Toward Practical, In-The-Wild, and Reusable Wearable Activity Classification
Wearable activity classifiers, so far, have been able to perform well with simple activities, strictly-scripted activities, and application-specific activities. In addition, current classification systems suffer from using impractical tight-fitting sensor networks, or only use one loose-fitting sensor node that cannot capture much movement information (e.g., smartphone sensors and wrist-worn sensors). These classifiers either do not address the bigger picture of making activity recognition more practical and being able to recognize more complex and naturalistic activities, or try to address this issue but still perform poorly on many fronts.
This dissertation works toward having practical, in-the-wild, and reusable wearable activity classifiers by taking several steps that include the four following main contributions. The dissertation starts by quantifying users' needs and expectations from wearable activity classifiers to set a framework for designing ideal wearable activity classifiers. Data collected from user studies and interviews is gathered and analyzed, then several conclusions are made to set a framework of essential characteristics that ideal wearable activity classification systems should have. Afterwards, this dissertation introduces a group of datasets that can be used to benchmark different types of activity classifiers and can accommodate for a variety of goals. These datasets help comparing different algorithms in activity classification to assess their performance under various circumstances and with different types of activities. The third main contribution consists of developing a technique that can classify complex activities with wide variations.
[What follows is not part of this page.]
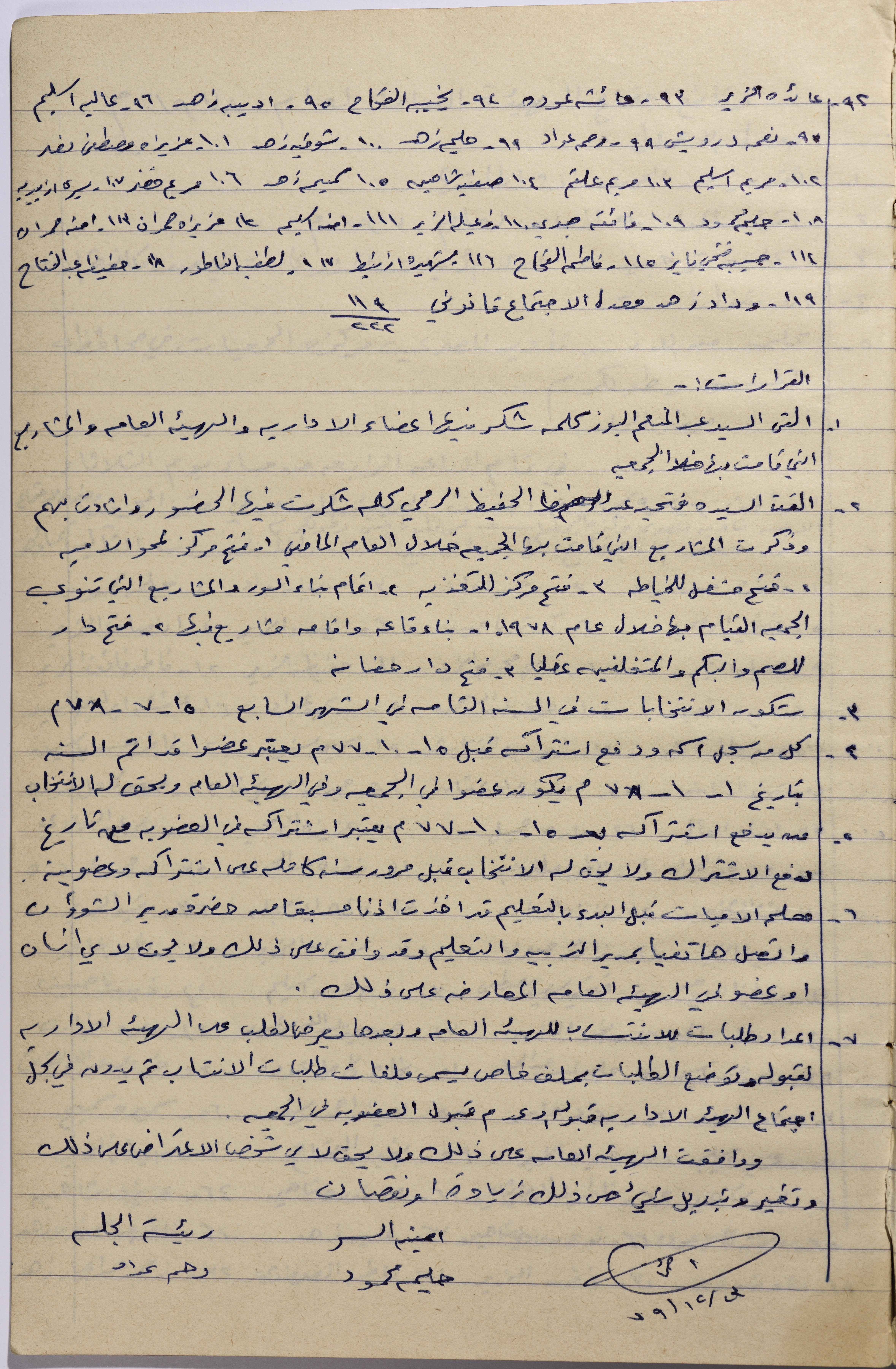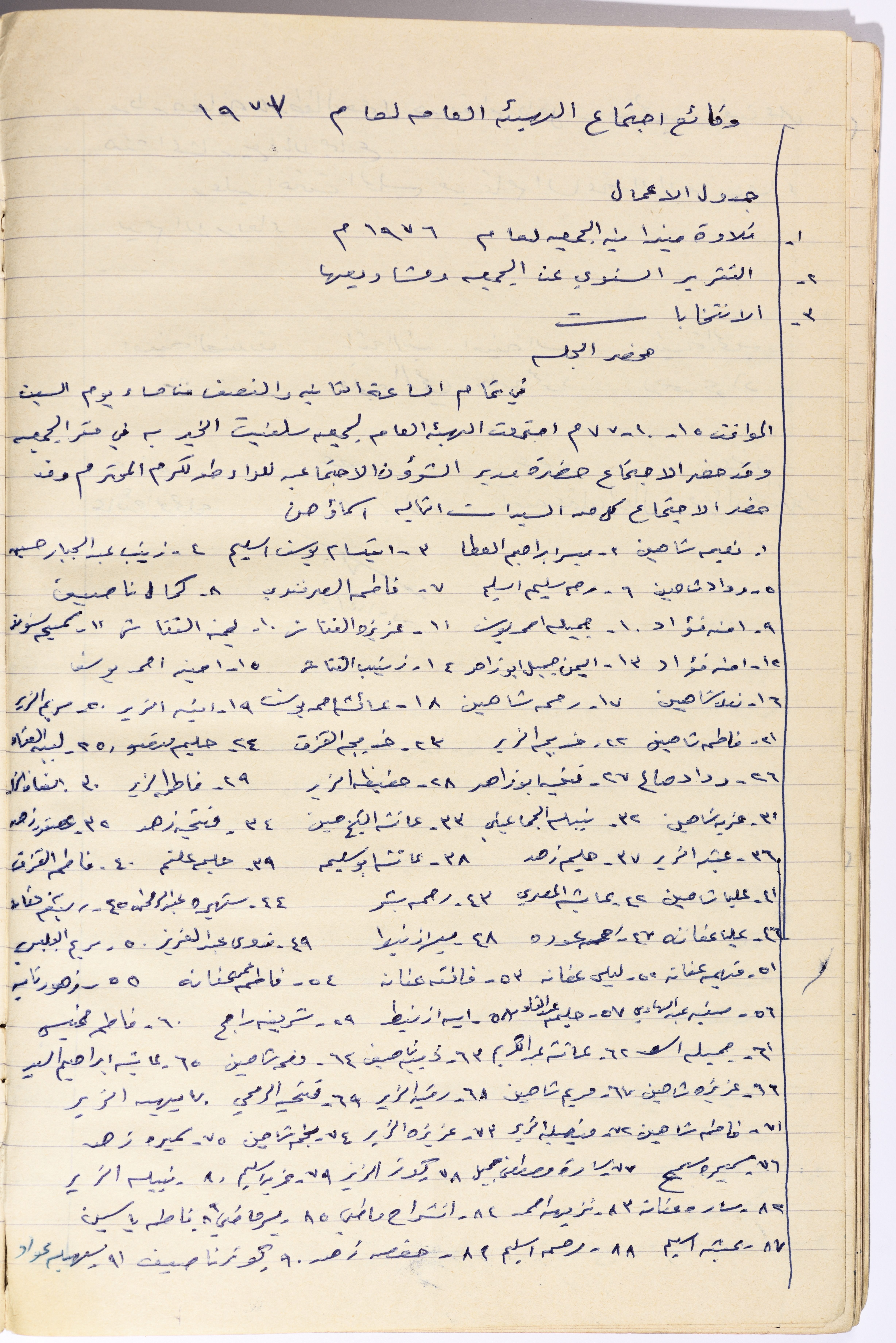 A document holding the meeting minutes of the public body of the Salfeet Women Charity. Meeting discussed 1. General budget of 1976 2. Annual report on the Charity and its projects 3. Elections Attendance was 119/222, thus meeting the required quorum. Decisions 1. Mr Abdul-Mun’em thanked the administrative and public bodies for the Charity's projects. 2. Ms Fathiyya Abdulhafiz Al-Ramahi thanked the attendees and mentioned the Charity's projects for last year: - Literacy centre - Sewing workshop - Proper nutrition centre - Completing the wall The planned projects for 1978 are: - Building a hall for further projects - Opening a centre for the hearing and speech impaired and the mentally challenged - Opening a kindergarten 3. Elections will be in the second year in July 4. Every person who signed a name and paid the subscription before 15/10/1977 is considered a member and has completed a year by 1/1/1978, a member of the Charity and the public body and has the right to elect. 5. Whoever pays the subscription after 15/10/1977 is considered a member from the moment of payment and has no right to elect before a full year has passed on his subscription and membership. 6. The literacy centre teacher took permission from the Director of Social Affairs before beginning the education process 7. Preparing requests of membership for the public body to present to the administrative body afterwards for acceptance.

Testing this technique shows that it is able to accurately classify eight complex daily-life activities with wide variations at an accuracy rate of 93.33%, significantly outperforming the state-of-the-art. This technique is a step forward toward classifying real-life natural activities performed in an environment that allows for wide variations within the activity. Finally, this dissertation introduces a method that can be used on top of any activity classifier that allows access to its matching scores in order to improve its classification accuracy. Testing this method shows that it improves classification results by 11.86% and outperforms the state-of-the-art, therefore taking a step forward toward having reusable activity classification techniques that can be used across users, sensor domains, garments, and applications.